An Attempt at Paint-by-Numbers

An Attempt at Paint-by-Numbers - Part 3

Posted on January 25th, 2025

In the previous parts of this series, we tried various techniques to simplify images and achieve a Paint-by-Numbers effect. We saw how morphological transformations didn’t work as hoped but discovered that connected components could effectively eliminate small, unwanted regions. With that done, we’re now focusing on the problem of “thin regions” that still linger in our image. By the end of this post, we’ll also dive into boundary detection and labeling to give our picture that classic Paint-by-Numbers look.

Removing Thin Regions

When it comes to removing thin regions, two initial ideas might spring to mind:

Width-to-height ratio. A region is considered “thin” if its width is much larger than its height, or vice versa.
Region area to bounding box area. A low ratio means the region occupies only a small fraction of its bounding box, suggesting a thin shape.

First, consider the ratio of width to height using a region’s bounding box. If the bounding-box width is much greater than its height (or vice versa), the region qualifies as “thin.” While this sounds promising, it’s often less effective in practice.

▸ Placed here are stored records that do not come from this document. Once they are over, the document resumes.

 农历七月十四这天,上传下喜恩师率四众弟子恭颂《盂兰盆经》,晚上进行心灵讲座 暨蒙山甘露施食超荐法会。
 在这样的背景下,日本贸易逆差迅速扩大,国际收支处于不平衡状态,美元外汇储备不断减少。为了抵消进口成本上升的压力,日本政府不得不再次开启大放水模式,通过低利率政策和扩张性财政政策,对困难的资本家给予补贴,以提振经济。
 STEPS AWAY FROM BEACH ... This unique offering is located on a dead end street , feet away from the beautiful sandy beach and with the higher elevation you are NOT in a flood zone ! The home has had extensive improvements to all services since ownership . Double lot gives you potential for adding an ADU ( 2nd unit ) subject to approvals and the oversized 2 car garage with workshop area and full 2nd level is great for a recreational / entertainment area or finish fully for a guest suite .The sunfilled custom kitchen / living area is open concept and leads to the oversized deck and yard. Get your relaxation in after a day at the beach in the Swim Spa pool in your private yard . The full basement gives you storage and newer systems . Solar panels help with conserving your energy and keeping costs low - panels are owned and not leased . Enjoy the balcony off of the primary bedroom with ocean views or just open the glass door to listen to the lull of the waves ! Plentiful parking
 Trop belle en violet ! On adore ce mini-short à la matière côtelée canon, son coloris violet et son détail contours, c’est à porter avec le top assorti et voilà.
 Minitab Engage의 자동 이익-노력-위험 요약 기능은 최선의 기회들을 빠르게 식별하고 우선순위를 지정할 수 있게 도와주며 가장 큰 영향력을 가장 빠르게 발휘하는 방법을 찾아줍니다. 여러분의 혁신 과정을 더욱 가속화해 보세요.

Regions tend to be irregularly shaped or angled diagonally, and even a “straight line” might not align horizontally or vertically. As a result, this ratio alone ends up eliminating only a few problematic regions.

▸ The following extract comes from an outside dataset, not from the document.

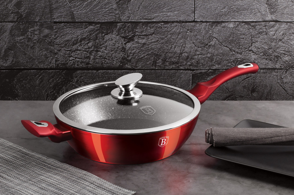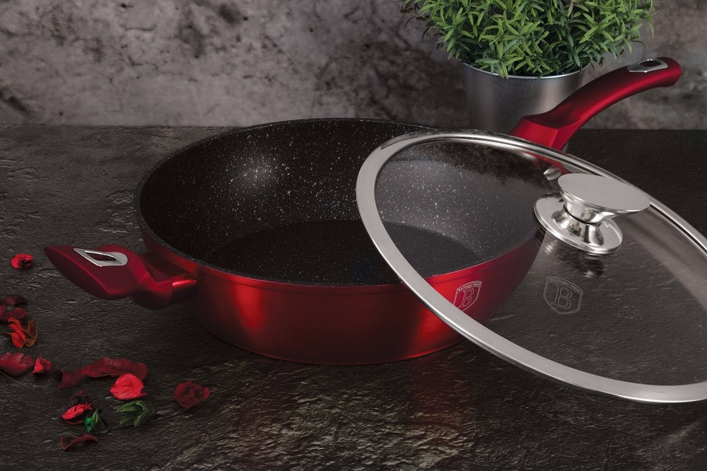 A burgundi szín elegáns megjelenést kölcsönöz a serpenyőnek, amely bármely konyhai környezetbe illeszkedik.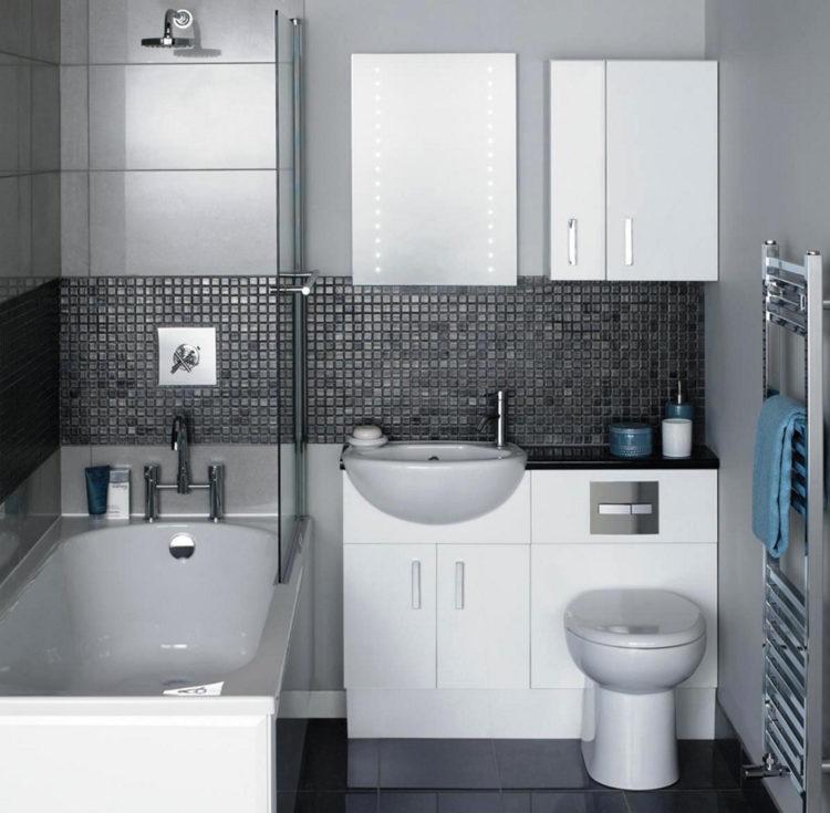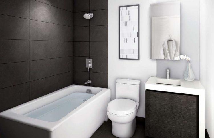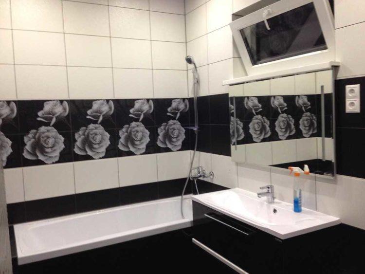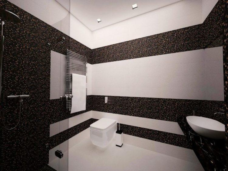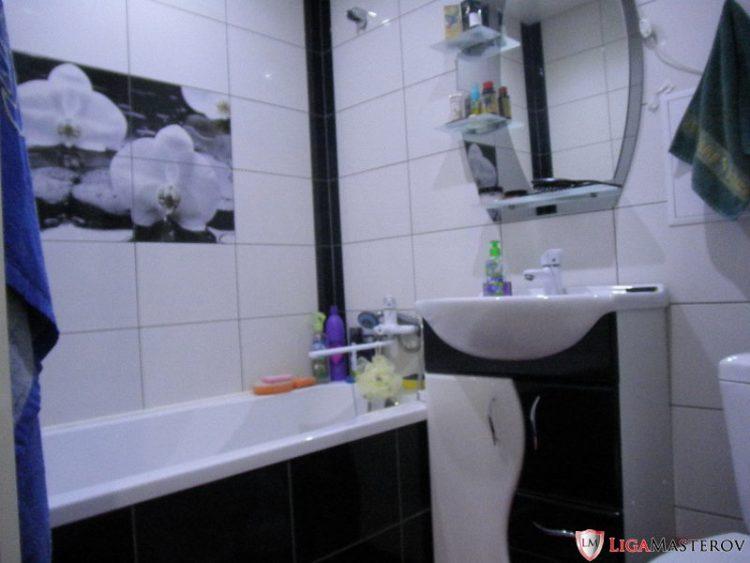 Por las mañanas, nos vigorizamos y ganamos energía y fuerza bajo una ducha de contraste, y por las noches nos relajamos en un baño tibio después de un ajetreado día de trabajo. En este sentido, el negro es uno de los colores más exitosos para decorar un baño, por lo que, por un lado, ayuda a concentrarse y, por otro, relaja y pacifica. Además, el color negro le da rigor y nobleza a la habitación. Un baño en Jruschov (foto después de la reparación, ver más abajo) se ve mejor cuando se combina con negro y otros colores.

Next, we can compare a region’s pixel area to the area of its bounding box. A small ratio indicates that the region occupies only a fraction of its bounding box, marking it as “thin.” This works well for filtering out shapes like L-shaped regions. However, it struggles with complex, sparse forms or regions full of holes — such as leaves in a tree — where the total area is small but spread out in multiple clusters, which aren’t strictly thin.

Example of a sparse image with small area ratio

Example of a thin region with a large area ration

Take a look at these two examples. The region on the left is a “sparse region” from the trees, with a region-to-bounding-box area ratio of 26% — meaning 74% of its bounding box is effectively “background.” Meanwhile, the region on the right is extracted from the fence area, zoomed in, and only a few pixels wide, yet it has a 37% ratio. If we used a 30% threshold, for instance, we’d mistakenly remove the larger region on the left (which we want to keep) but fail to remove the smaller, thin region on the right. One could try combining multiple features — such as total area, width-to-height ratios, or shape descriptors — but the result often feels ad hoc and might only work for this specific image.

The logical approach when no single elegant solution emerges? Sometimes, you just brute force it.

Removing Thin Regions With Scans

When we slice the image horizontally into 1-pixel rows, each row becomes a series of colored segments with distinct lengths. If any segment is shorter than a given threshold, we replace it with the dominant color on its left or right — “dominant” here means the neighboring segment with the larger width. Let’s examine one such region as an example.

Thin Strip With 1 Pixel Height as Example

Counting colors and regions from left to right reveals four segments: a light blue region, a gray region, a dark brown region, and, finally, a small “beige” region that we want to remove. On the left, there’s a large dark brown region, while on the right, there’s a smaller light brown region. Because the left-side region is larger, we consider it the dominant color and use it to replace the beige strip. In the end, this simple brute-force technique solves our problem.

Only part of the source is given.